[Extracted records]
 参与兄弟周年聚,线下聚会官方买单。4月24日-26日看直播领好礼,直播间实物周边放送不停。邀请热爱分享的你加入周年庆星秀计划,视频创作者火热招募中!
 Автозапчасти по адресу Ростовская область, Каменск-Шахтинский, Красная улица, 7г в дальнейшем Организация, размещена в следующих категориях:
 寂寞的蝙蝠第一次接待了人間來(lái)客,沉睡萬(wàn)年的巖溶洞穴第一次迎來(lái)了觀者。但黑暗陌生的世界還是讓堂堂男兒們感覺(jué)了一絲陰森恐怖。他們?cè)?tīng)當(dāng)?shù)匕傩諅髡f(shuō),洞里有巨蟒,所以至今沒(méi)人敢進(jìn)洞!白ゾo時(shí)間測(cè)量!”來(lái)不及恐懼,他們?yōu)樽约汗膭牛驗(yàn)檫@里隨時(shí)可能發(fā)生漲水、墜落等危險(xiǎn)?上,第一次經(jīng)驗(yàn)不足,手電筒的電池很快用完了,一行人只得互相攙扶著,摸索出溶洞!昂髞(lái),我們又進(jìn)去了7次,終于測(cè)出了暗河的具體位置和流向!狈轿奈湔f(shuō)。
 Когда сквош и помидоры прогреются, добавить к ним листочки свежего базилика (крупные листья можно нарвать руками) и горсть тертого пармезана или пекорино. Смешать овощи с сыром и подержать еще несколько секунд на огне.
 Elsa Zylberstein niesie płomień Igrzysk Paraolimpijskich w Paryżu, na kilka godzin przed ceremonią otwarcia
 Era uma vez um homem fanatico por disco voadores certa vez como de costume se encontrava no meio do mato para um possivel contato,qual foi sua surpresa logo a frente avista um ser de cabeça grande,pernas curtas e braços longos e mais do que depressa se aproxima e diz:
* * *
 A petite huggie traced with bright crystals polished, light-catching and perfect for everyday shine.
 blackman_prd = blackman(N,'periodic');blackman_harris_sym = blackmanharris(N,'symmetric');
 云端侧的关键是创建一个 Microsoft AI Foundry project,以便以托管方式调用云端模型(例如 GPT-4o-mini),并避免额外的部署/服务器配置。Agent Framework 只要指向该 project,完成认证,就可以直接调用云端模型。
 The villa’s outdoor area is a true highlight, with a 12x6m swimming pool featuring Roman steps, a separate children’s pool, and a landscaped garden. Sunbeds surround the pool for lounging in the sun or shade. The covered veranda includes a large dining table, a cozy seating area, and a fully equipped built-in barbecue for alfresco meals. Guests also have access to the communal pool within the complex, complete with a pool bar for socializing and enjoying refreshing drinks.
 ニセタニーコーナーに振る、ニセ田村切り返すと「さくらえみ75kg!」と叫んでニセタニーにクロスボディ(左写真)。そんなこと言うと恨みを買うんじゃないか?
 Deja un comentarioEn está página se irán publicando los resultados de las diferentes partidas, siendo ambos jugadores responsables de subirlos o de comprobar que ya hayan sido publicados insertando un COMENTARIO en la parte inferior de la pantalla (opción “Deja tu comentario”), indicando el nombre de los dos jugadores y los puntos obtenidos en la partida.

(WHAT TO DO)
Working from the records above, write out verbatim only the lines from the line containing "参与兄弟周年聚,线下聚会官方" through the line containing "Автозапчасти по адресу".

(RESULT FOR THIS TASK)
 参与兄弟周年聚,线下聚会官方买单。4月24日-26日看直播领好礼,直播间实物周边放送不停。邀请热爱分享的你加入周年庆星秀计划,视频创作者火热招募中!
 Автозапчасти по адресу Ростовская область, Каменск-Шахтинский, Красная улица, 7г в дальнейшем Организация, размещена в следующих категориях:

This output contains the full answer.